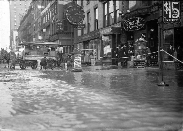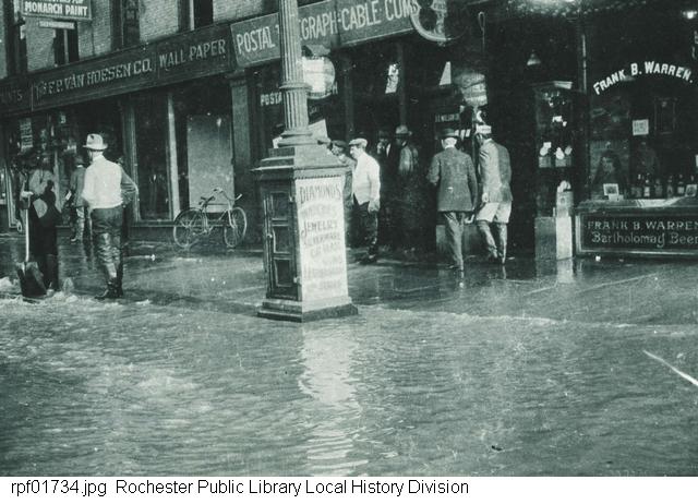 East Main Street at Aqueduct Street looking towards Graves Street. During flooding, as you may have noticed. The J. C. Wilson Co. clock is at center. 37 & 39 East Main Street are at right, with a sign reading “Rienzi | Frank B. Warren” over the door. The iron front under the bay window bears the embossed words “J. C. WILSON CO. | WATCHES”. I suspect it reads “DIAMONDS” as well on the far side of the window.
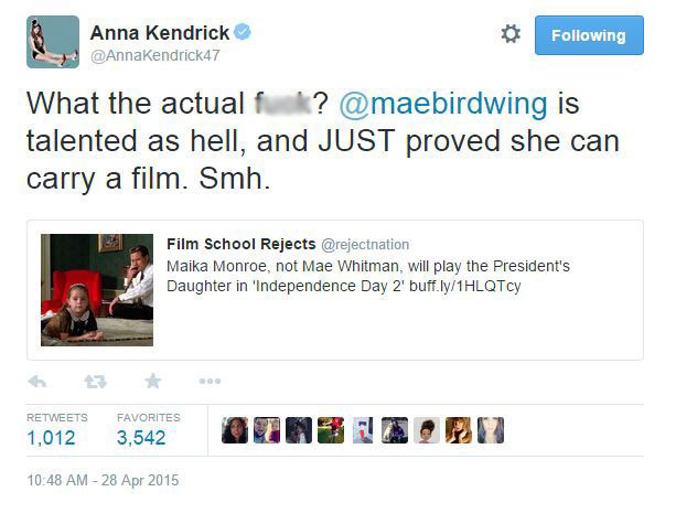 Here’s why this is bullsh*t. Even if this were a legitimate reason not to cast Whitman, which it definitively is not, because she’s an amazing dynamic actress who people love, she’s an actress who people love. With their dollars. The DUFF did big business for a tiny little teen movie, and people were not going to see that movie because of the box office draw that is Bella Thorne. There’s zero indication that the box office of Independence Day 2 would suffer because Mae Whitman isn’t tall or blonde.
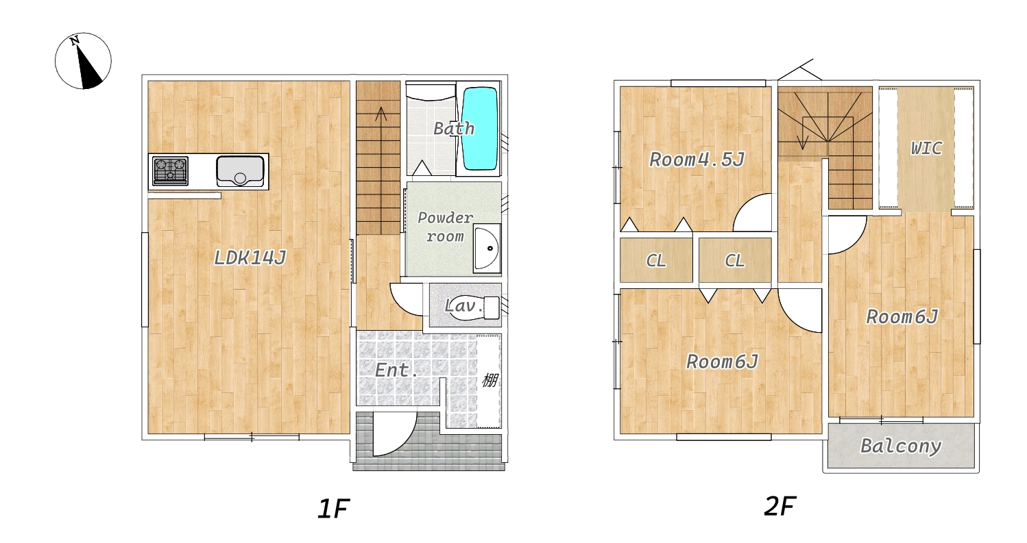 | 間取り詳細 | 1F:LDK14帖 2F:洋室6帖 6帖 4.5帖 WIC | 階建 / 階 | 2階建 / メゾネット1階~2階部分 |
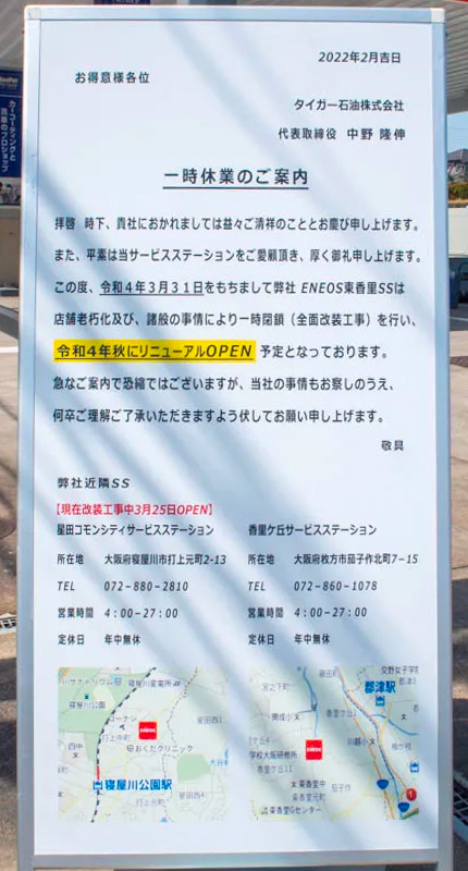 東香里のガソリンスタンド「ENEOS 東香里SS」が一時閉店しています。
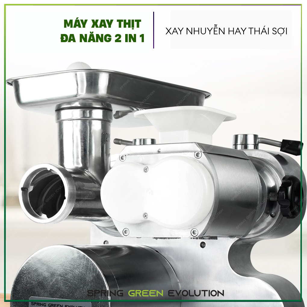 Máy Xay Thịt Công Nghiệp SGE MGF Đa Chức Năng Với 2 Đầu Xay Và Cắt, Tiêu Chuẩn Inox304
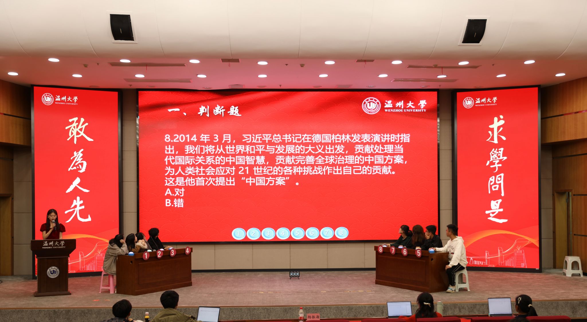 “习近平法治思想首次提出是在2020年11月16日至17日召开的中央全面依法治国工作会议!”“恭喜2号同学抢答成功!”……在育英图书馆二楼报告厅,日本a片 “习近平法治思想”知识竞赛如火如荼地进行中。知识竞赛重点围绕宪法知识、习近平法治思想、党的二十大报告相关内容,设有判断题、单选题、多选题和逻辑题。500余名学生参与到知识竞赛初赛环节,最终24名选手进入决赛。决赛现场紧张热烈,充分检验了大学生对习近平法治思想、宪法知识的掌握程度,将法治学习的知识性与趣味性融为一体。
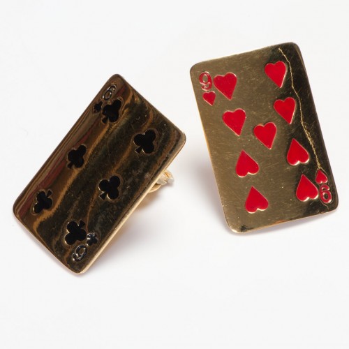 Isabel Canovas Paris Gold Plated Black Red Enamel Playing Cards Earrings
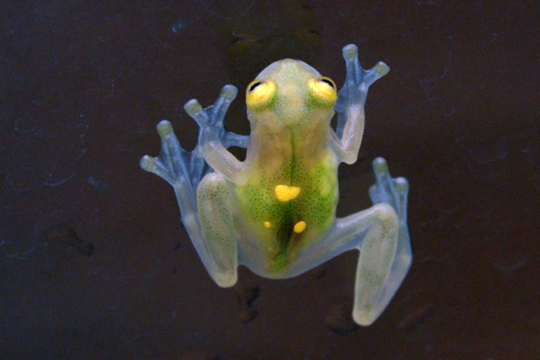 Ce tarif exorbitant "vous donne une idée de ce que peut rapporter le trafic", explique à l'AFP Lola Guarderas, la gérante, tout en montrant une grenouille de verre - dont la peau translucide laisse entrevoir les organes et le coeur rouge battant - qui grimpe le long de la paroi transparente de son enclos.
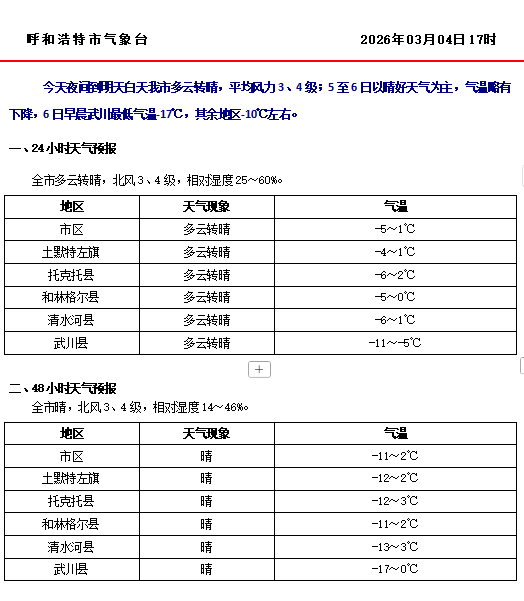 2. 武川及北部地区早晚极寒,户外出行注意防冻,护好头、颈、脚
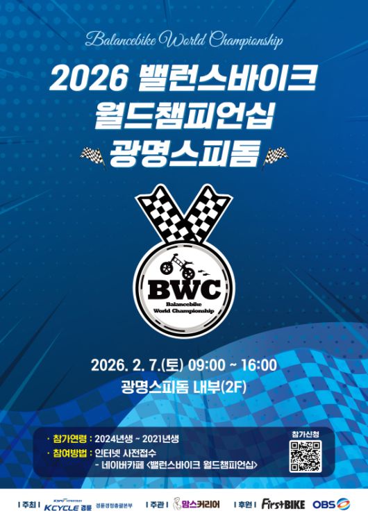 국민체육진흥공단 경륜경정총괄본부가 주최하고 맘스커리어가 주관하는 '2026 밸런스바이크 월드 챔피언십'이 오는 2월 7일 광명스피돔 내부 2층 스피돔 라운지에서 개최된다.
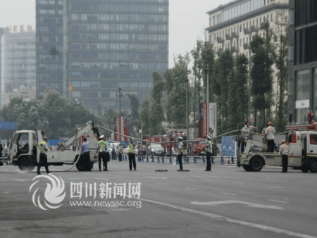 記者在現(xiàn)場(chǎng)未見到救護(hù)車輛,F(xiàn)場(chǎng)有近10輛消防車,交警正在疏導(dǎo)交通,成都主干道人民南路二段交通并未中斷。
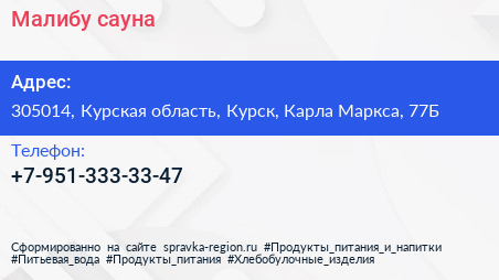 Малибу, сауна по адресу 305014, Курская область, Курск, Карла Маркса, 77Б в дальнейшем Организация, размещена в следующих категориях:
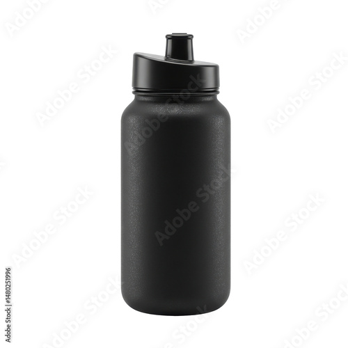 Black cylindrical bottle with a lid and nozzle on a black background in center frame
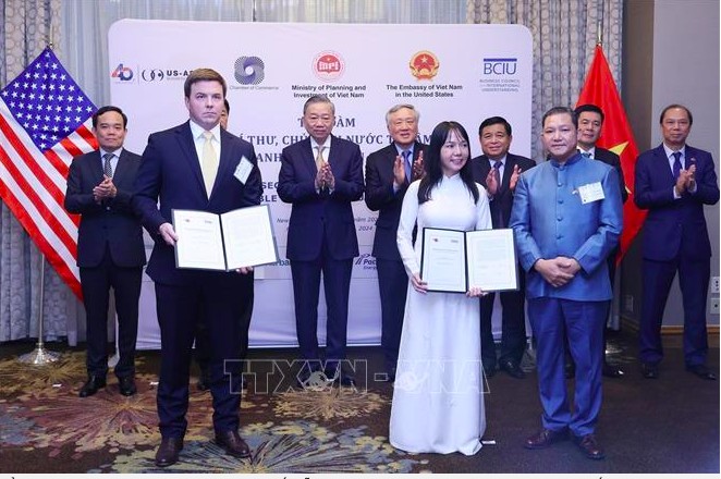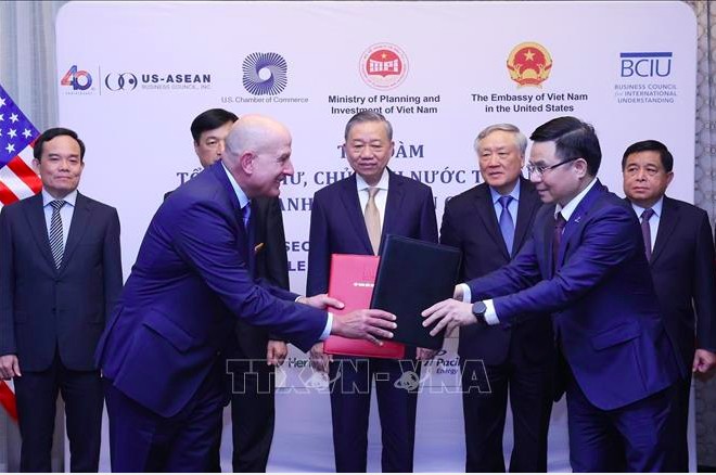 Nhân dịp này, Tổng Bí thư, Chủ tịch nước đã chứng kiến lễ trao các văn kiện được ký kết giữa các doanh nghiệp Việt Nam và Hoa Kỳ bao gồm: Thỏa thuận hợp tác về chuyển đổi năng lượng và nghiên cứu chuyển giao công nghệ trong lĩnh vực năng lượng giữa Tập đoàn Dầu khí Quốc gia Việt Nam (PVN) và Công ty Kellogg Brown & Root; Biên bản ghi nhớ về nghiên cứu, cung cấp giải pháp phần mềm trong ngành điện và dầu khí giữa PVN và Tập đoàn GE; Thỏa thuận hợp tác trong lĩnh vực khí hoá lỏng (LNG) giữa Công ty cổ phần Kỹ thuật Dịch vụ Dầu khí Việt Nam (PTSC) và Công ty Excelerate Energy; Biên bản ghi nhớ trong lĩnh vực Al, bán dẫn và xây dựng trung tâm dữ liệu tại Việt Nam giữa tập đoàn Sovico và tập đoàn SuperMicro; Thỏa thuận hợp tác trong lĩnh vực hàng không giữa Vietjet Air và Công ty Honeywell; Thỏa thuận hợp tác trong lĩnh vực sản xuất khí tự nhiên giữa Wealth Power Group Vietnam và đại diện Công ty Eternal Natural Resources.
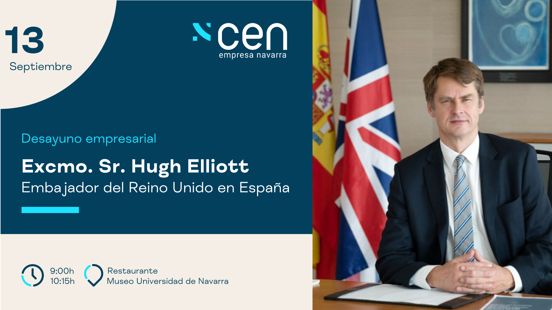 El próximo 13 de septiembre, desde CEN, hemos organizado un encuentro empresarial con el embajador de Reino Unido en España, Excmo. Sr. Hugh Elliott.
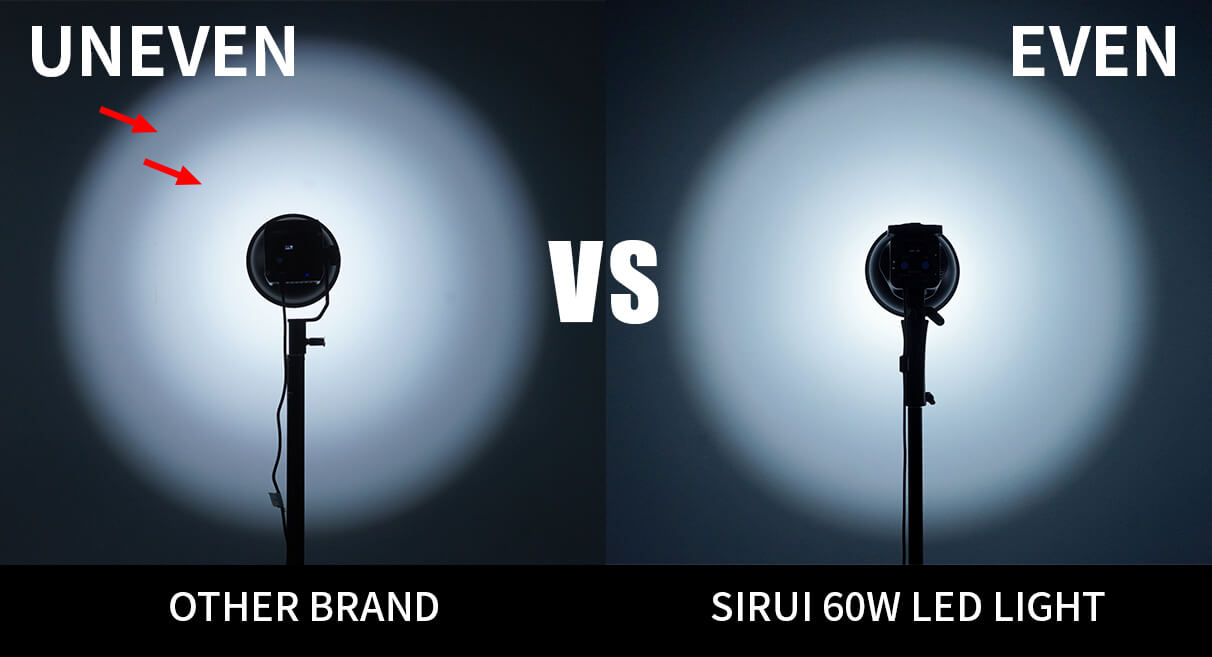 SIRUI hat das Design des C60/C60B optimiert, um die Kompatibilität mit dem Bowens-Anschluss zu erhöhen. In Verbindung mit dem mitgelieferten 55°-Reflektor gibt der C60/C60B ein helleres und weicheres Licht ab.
# # # # # # #
Would you copy, word for word, only the lines above from the one containing "2階建 / メゾネット1階~2階部分 |" through the one containing "Black cylindrical bottle", both included, and please leave out the pictures?

 | 間取り詳細 | 1F:LDK14帖 2F:洋室6帖 6帖 4.5帖 WIC | 階建 / 階 | 2階建 / メゾネット1階~2階部分 |
 東香里のガソリンスタンド「ENEOS 東香里SS」が一時閉店しています。
 Máy Xay Thịt Công Nghiệp SGE MGF Đa Chức Năng Với 2 Đầu Xay Và Cắt, Tiêu Chuẩn Inox304
 “习近平法治思想首次提出是在2020年11月16日至17日召开的中央全面依法治国工作会议!”“恭喜2号同学抢答成功!”……在育英图书馆二楼报告厅,日本a片 “习近平法治思想”知识竞赛如火如荼地进行中。知识竞赛重点围绕宪法知识、习近平法治思想、党的二十大报告相关内容,设有判断题、单选题、多选题和逻辑题。500余名学生参与到知识竞赛初赛环节,最终24名选手进入决赛。决赛现场紧张热烈,充分检验了大学生对习近平法治思想、宪法知识的掌握程度,将法治学习的知识性与趣味性融为一体。
 Isabel Canovas Paris Gold Plated Black Red Enamel Playing Cards Earrings
 Ce tarif exorbitant "vous donne une idée de ce que peut rapporter le trafic", explique à l'AFP Lola Guarderas, la gérante, tout en montrant une grenouille de verre - dont la peau translucide laisse entrevoir les organes et le coeur rouge battant - qui grimpe le long de la paroi transparente de son enclos.
 2. 武川及北部地区早晚极寒,户外出行注意防冻,护好头、颈、脚
 국민체육진흥공단 경륜경정총괄본부가 주최하고 맘스커리어가 주관하는 '2026 밸런스바이크 월드 챔피언십'이 오는 2월 7일 광명스피돔 내부 2층 스피돔 라운지에서 개최된다.
 記者在現(xiàn)場(chǎng)未見到救護(hù)車輛,F(xiàn)場(chǎng)有近10輛消防車,交警正在疏導(dǎo)交通,成都主干道人民南路二段交通并未中斷。
 Малибу, сауна по адресу 305014, Курская область, Курск, Карла Маркса, 77Б в дальнейшем Организация, размещена в следующих категориях:
 Black cylindrical bottle with a lid and nozzle on a black background in center frame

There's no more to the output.